> [INSTRUCTIONS FOR THE TASK]: Please reproduce the lines of the records below from the one holding "The veehoo 9L" through the one holding "This office provides", inclusive, skipping all pictures.

> [SUPPLIED DATA]:
--- START ---
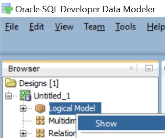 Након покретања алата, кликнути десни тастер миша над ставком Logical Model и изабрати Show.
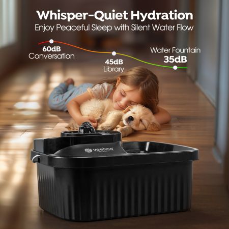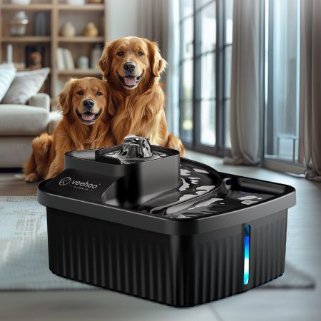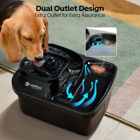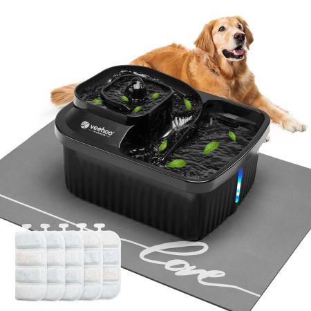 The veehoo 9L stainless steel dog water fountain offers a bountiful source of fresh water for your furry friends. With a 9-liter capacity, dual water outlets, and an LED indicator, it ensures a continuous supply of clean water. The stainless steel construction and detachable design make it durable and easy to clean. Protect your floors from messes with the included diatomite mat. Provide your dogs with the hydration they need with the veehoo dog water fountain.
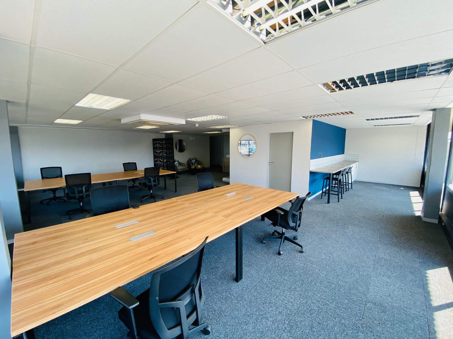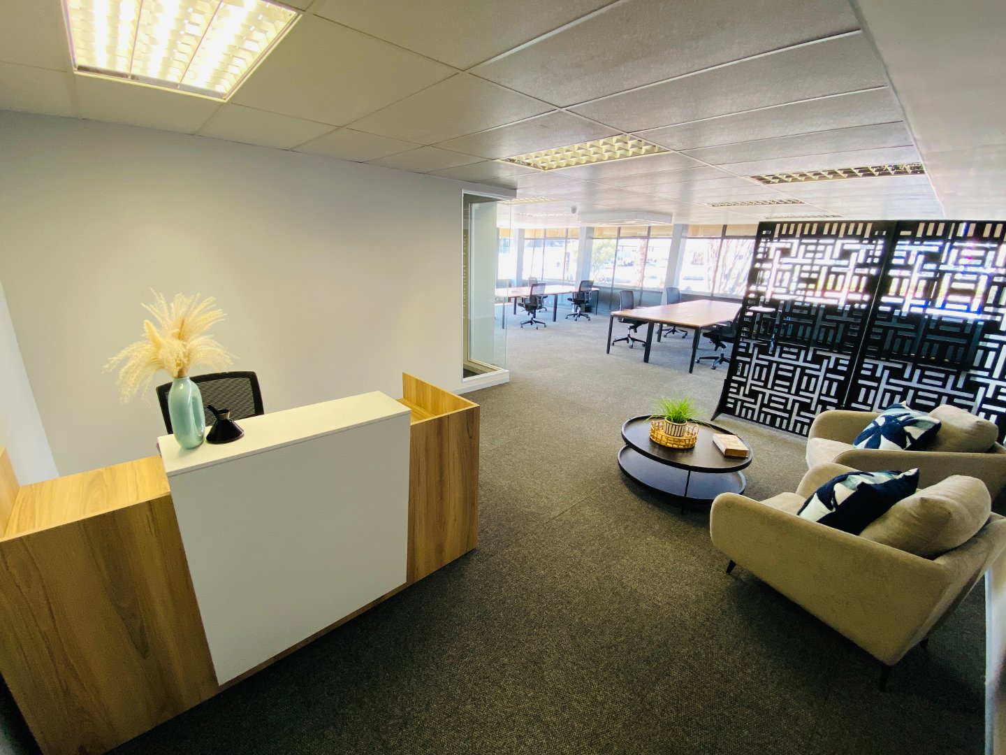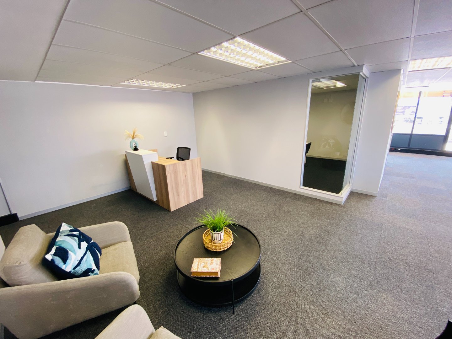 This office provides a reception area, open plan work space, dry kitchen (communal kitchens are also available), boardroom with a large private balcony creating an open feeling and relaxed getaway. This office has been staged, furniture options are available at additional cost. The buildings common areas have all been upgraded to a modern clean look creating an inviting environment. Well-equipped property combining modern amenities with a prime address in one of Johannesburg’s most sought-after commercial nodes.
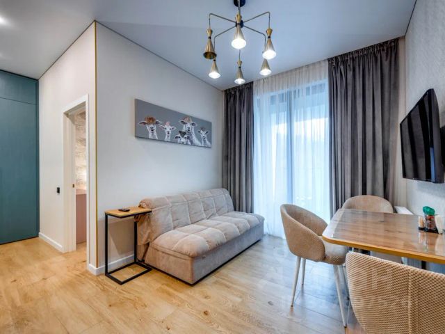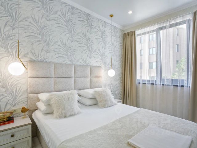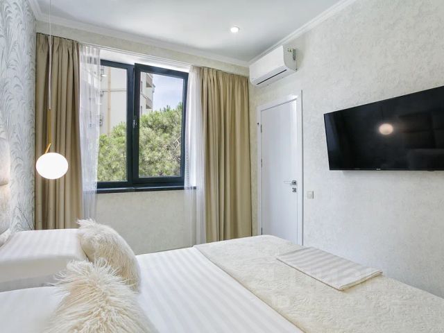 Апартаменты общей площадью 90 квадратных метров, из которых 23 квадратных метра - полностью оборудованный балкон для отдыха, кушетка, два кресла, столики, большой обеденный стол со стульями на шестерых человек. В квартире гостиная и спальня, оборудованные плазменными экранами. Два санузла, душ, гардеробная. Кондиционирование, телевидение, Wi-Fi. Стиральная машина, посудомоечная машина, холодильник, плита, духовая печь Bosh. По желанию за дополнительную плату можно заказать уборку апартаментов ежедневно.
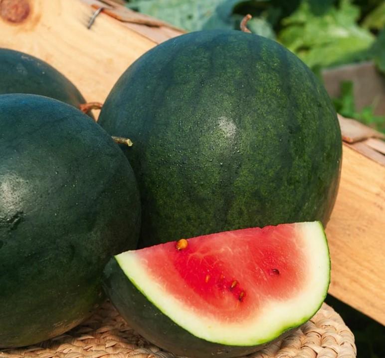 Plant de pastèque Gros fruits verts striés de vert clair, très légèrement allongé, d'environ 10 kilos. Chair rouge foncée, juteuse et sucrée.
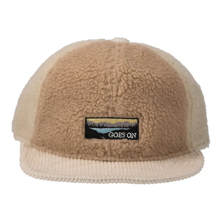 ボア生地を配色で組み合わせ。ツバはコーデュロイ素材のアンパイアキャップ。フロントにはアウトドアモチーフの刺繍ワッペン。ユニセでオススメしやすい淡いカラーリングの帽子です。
--- END ---
--- START ---
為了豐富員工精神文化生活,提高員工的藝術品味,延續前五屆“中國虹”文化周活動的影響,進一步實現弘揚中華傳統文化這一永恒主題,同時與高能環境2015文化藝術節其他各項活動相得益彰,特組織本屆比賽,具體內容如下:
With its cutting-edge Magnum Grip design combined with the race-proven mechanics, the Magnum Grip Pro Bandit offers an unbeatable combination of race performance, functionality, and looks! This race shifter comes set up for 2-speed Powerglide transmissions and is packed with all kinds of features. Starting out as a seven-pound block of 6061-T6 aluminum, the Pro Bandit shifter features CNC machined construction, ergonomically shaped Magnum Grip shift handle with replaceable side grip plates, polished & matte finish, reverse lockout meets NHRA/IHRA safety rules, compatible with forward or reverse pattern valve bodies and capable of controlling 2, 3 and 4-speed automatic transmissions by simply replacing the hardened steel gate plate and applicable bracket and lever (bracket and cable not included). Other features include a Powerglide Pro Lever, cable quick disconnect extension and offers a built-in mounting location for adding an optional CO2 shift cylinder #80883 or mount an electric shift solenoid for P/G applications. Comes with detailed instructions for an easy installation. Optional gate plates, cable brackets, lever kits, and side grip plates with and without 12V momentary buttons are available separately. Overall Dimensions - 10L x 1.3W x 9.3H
--- END ---
> [WRITTEN RESPONSE]:
 The veehoo 9L stainless steel dog water fountain offers a bountiful source of fresh water for your furry friends. With a 9-liter capacity, dual water outlets, and an LED indicator, it ensures a continuous supply of clean water. The stainless steel construction and detachable design make it durable and easy to clean. Protect your floors from messes with the included diatomite mat. Provide your dogs with the hydration they need with the veehoo dog water fountain.
 This office provides a reception area, open plan work space, dry kitchen (communal kitchens are also available), boardroom with a large private balcony creating an open feeling and relaxed getaway. This office has been staged, furniture options are available at additional cost. The buildings common areas have all been upgraded to a modern clean look creating an inviting environment. Well-equipped property combining modern amenities with a prime address in one of Johannesburg’s most sought-after commercial nodes.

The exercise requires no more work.